MeetEval: A Toolkit for Computation of Word Error Rates for Meeting Transcription Systems
Thilo von Neumann, Christoph Boeddeker, Marc Delcroix, Reinhold Haeb-Umbach
TL;DR
MeetEval addresses the evaluation of meeting transcription systems by providing a unified toolkit that implements multiple WER definitions (cpWER, ORC-WER, MIMO-WER) and a time-constrained variant to improve alignment plausibility. It introduces pseudo-word-level timing approximations when exact word-level timings are unavailable, enabling scalable, accurate matching and practical runtime benefits.
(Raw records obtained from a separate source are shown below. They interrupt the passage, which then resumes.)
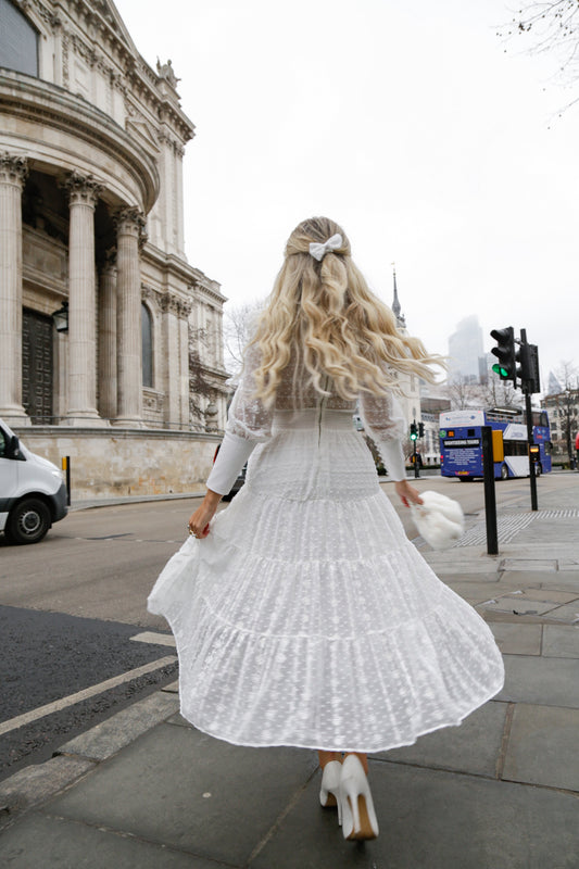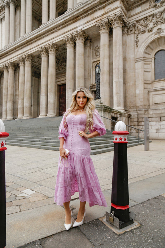 Darling - Beige Midi Dress w/ Small Rainbow Stripes
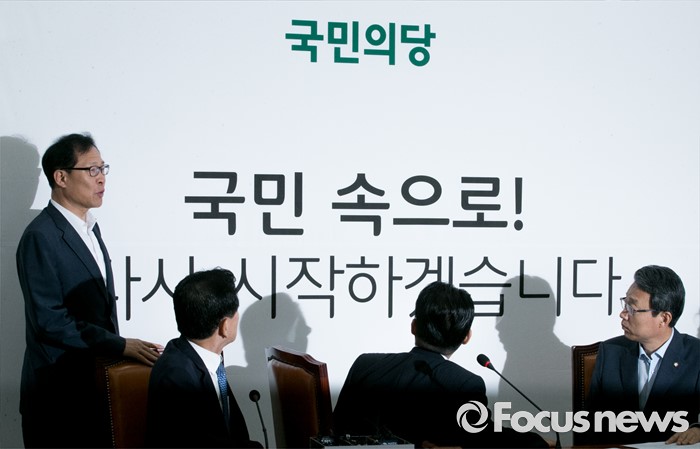 (서울=포커스뉴스) 11일 오전 서울 여의도 국회에서 열린 국민의당 비상대책위원회의에 참석한 박지원(오른쪽 두번째) 비대위원장 등 의원들이 문병호(왼쪽 첫번째) 전략홍보본부장으로부터 백보드 교체 관련 설명을 듣고 있다.
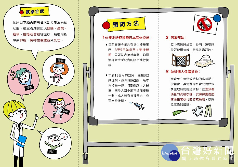 疾管署也呼籲家中適齡嬰幼兒,如未完成日本腦炎疫苗接種,也應儘速帶往鄰近衛生所或指定醫療院所完成接種,以避免感染及衍生嚴重後遺症。相關資訊可至疾管署全球資訊網()或撥打免付費防疫專線1922(或0800-001922)洽詢。

The toolkit guides practitioners on metric selection for diarization, CSS, and SOT-style outputs, and demonstrates that the time-constrained approach yields more realistic WERs while enabling runtime pruning. Overall, MeetEval supports reproducible, comparable benchmarking across diverse meeting transcription systems and facilitates rigorous analysis of transcription errors.
Abstract
MeetEval is an open-source toolkit to evaluate all kinds of meeting transcription systems. It provides a unified interface for the computation of commonly used Word Error Rates (WERs), specifically cpWER, ORC-WER and MIMO-WER along other WER definitions. We extend the cpWER computation by a temporal constraint to ensure that only words are identified as correct when the temporal alignment is plausible. This leads to a better quality of the matching of the hypothesis string to the reference string that more closely resembles the actual transcription quality, and a system is penalized if it provides poor time annotations. Since word-level timing information is often not available, we present a way to approximate exact word-level timings from segment-level timings (e.g., a sentence) and show that the approximation leads to a similar WER as a matching with exact word-level annotations. At the same time, the time constraint leads to a speedup of the matching algorithm, which outweighs the additional overhead caused by processing the time stamps.